More confident...or lazy?

It occured to me today that I will do something these days that I NEVER would have done back in high school, college, or even a few years ago. I will go out of the house without a drop of make up on my face. It doesn't bother me to head to the grocery store, park, even a play group or doctor appointment without anything but a slathering of sunscreen moisturizer. It's not because my face is flawless either! It may not be as broken out as it was in high school, but it sure ain't perfect...plus I'm starting to get wrinkles. So why am I able to do that now when the sheer thought of it then would probably make me faint? I think part of it is that I accept myself more than I did then.

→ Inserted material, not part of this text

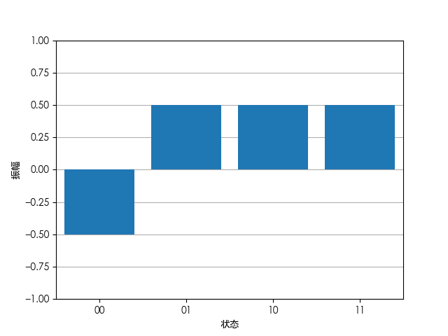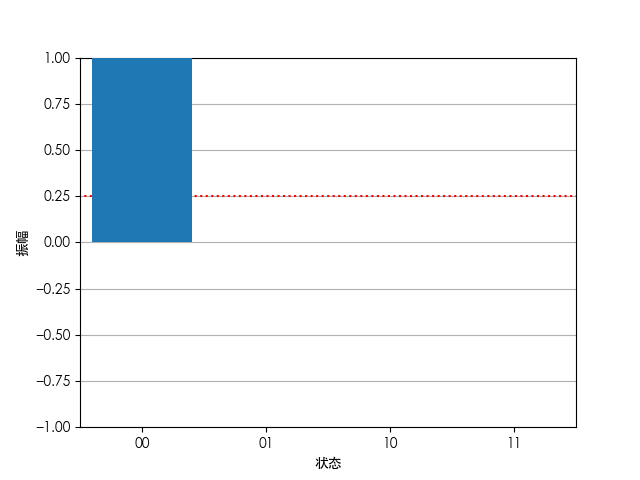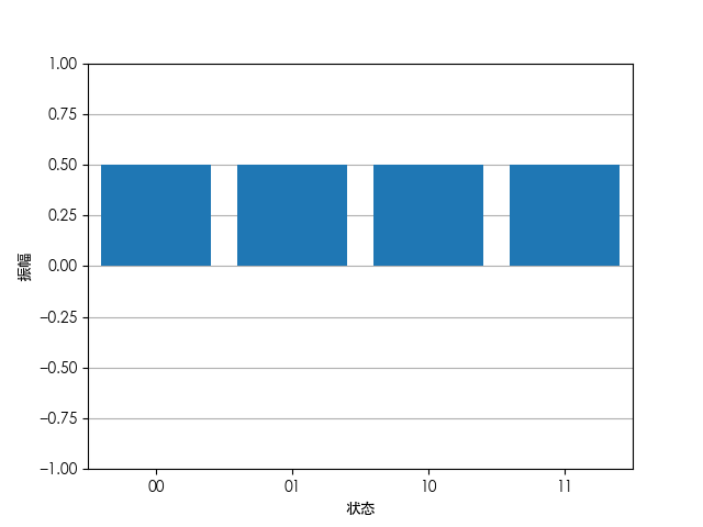 \ket{\psi}=\frac{1}{2}\begin{bmatrix}1\\1\\1\\1\end{bmatrix}以状态为横坐标,振幅为纵坐标绘图有: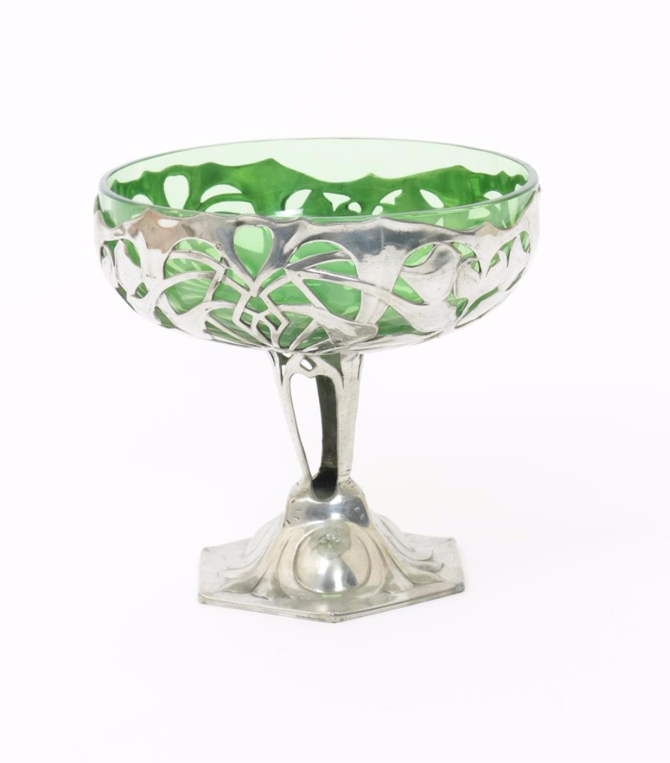 An Osiris pewter and glass coupe designed by Friedrich Adler

I realize I am not out to impress the world, so I don't have to work so hard to cover what I view as flaws. Maybe another part of it is that I don't have as much time to fret over my own looks now that I have two kids to get dressed and fed every morning. Whatever the reason, I'm glad to be more comfortable in my own skin.

1 comment:

Lindsay said...

Yeah! Someone joining my world. I never wear makeup unless I am going to church or some other special function. Everyone asks me how I do that and I say it is easy - I just don't put on makeup. :) It also helps b/c my husband keeps telling me he prefers me without makeup. Hey, if the one I am trying to impress likes it easier - I am taking it!! :) Doesn't it feel so free?!